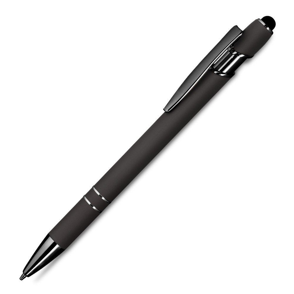 Caneta esferográfica em metal escrita em azul. Refil tipo parker com ponta touch emborrachada.
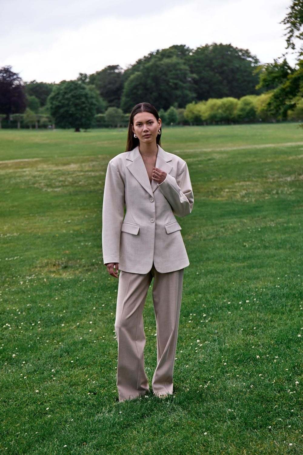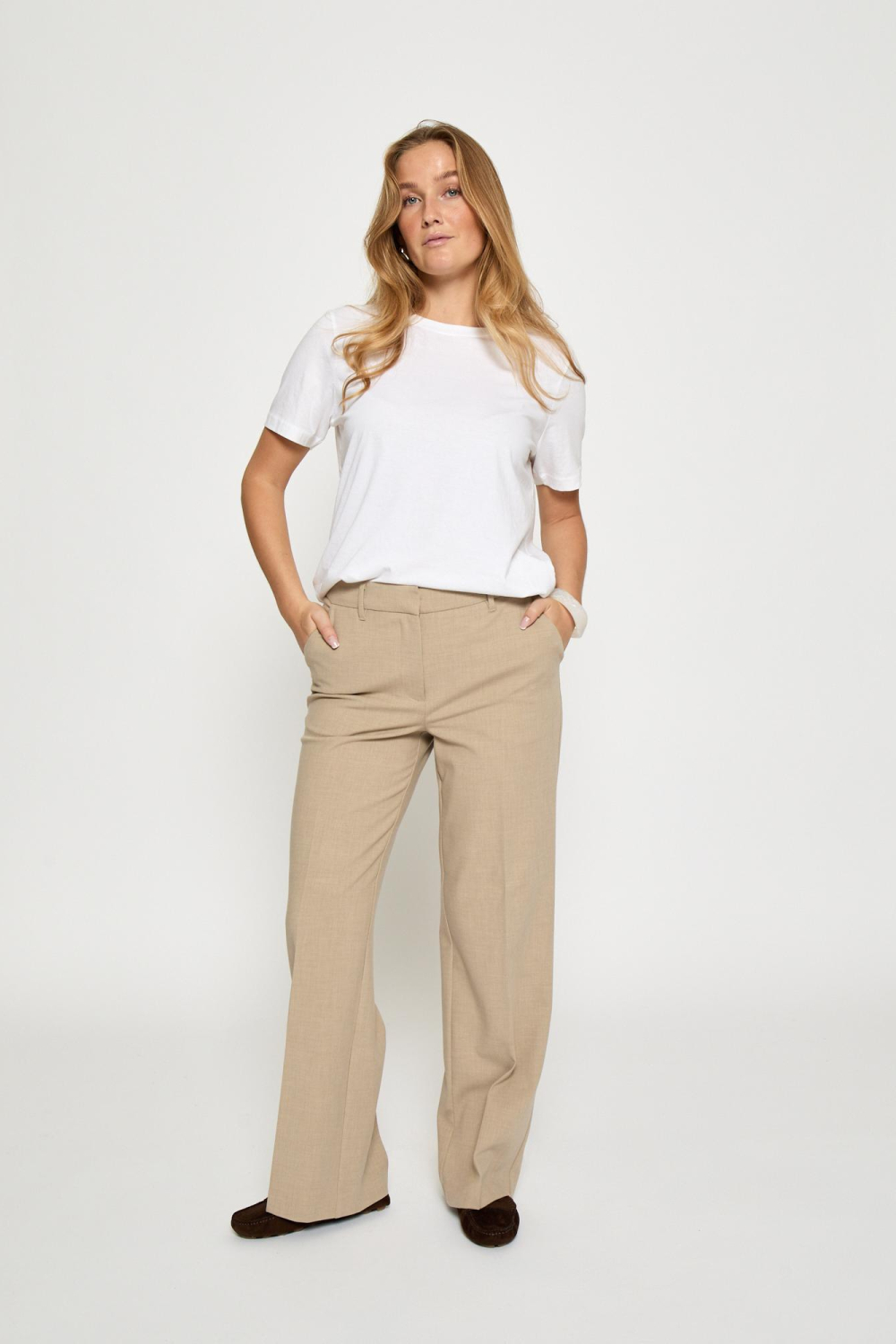 De Minus damesbroek in de kleur 9015 Sand Gray combineert elegantie met comfort dankzij de wide leg pasvorm en regular waist. Het gemêleerde patroon in de neutrale tint maakt het een ideale keuze voor zowel casual als zakelijke settings. De broek is vervaardigd uit een hoogwaardige mix van 65% polyester, 30% viscose en 5% elastan, wat zorgt voor een zachte en duurzame finish. Met steekzakken en een subtiele knoop- en ritssluiting sluit deze broek naadloos aan op elke stijlvolle outfit. Of je nu een dag op kantoor hebt of een ontspannen dag in de stad, deze broek biedt veelzijdige mogelijkheden. Door de normale lengte past hij perfect bij sneakers of nette schoenen. Laat je verrassen door de flexibele toepassing van deze broek voor het lenteseizoen en geef je garderobe een verfijnde touch.
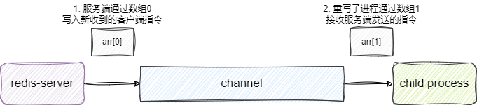 后续的父进程一旦收到客户端实时传入的指令例如set k v之后,其核心流程就会传播该事件到AOF链路上,将用户指令的字符串转为RESP格式(redis协议要求的格式)写入到父进程发送数据到子进程即第一个通道上,后续的子进程就会通过该通道的索引1数组获取这个最新的数据:
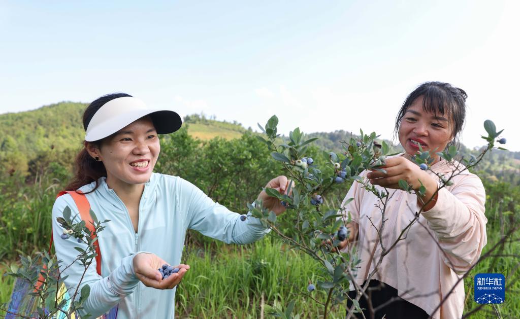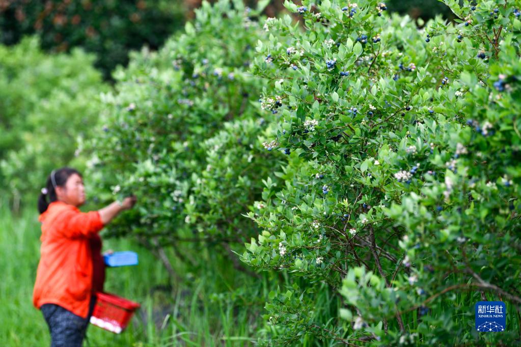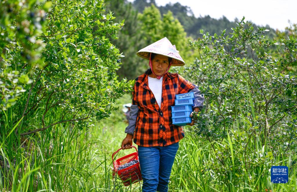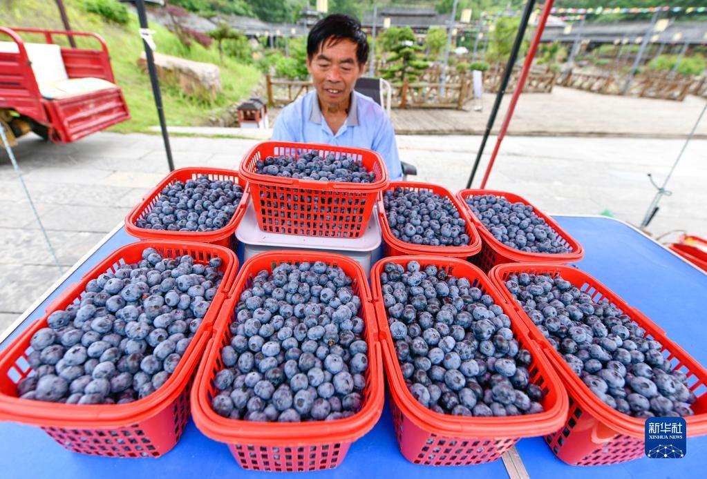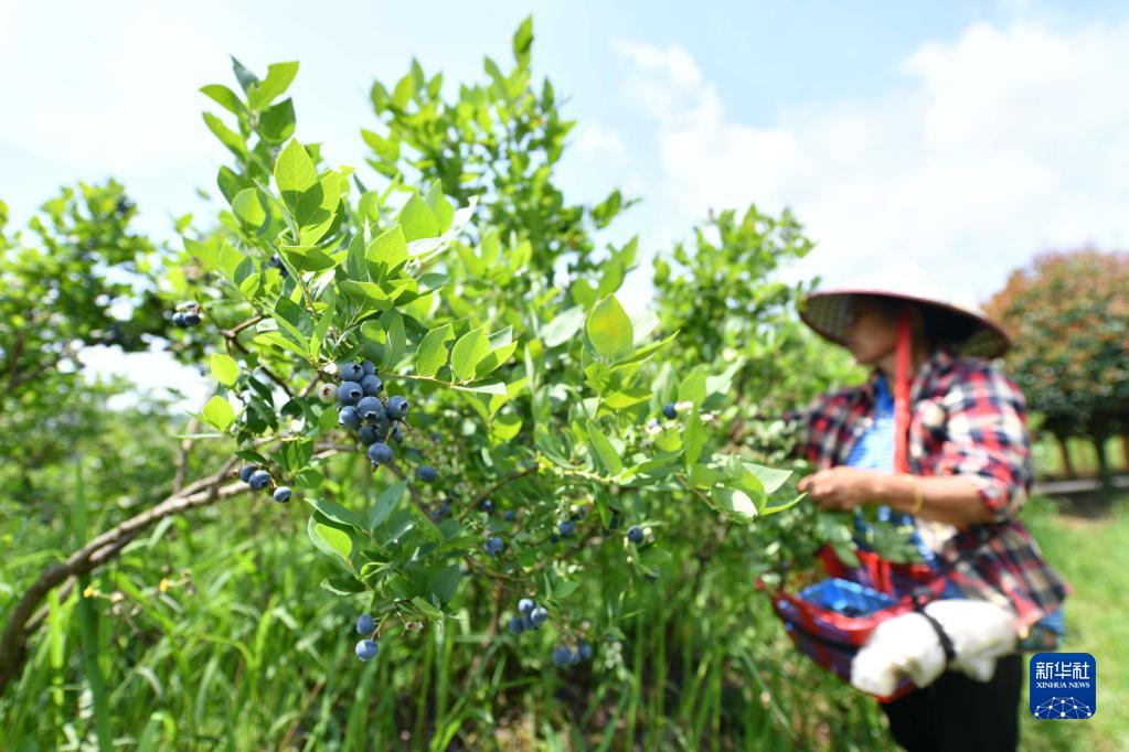 6月4日,村民在贵州省麻江县蓝梦谷生态蓝莓园采摘蓝莓。

__WHAT THIS TASK INVOLVES__
Print the data exactly as written, dropping any images it holds.

__ANSWER TO THIS PROBLEM__
 Caneta esferográfica em metal escrita em azul. Refil tipo parker com ponta touch emborrachada.
 De Minus damesbroek in de kleur 9015 Sand Gray combineert elegantie met comfort dankzij de wide leg pasvorm en regular waist. Het gemêleerde patroon in de neutrale tint maakt het een ideale keuze voor zowel casual als zakelijke settings. De broek is vervaardigd uit een hoogwaardige mix van 65% polyester, 30% viscose en 5% elastan, wat zorgt voor een zachte en duurzame finish. Met steekzakken en een subtiele knoop- en ritssluiting sluit deze broek naadloos aan op elke stijlvolle outfit. Of je nu een dag op kantoor hebt of een ontspannen dag in de stad, deze broek biedt veelzijdige mogelijkheden. Door de normale lengte past hij perfect bij sneakers of nette schoenen. Laat je verrassen door de flexibele toepassing van deze broek voor het lenteseizoen en geef je garderobe een verfijnde touch.
 后续的父进程一旦收到客户端实时传入的指令例如set k v之后,其核心流程就会传播该事件到AOF链路上,将用户指令的字符串转为RESP格式(redis协议要求的格式)写入到父进程发送数据到子进程即第一个通道上,后续的子进程就会通过该通道的索引1数组获取这个最新的数据:
 6月4日,村民在贵州省麻江县蓝梦谷生态蓝莓园采摘蓝莓。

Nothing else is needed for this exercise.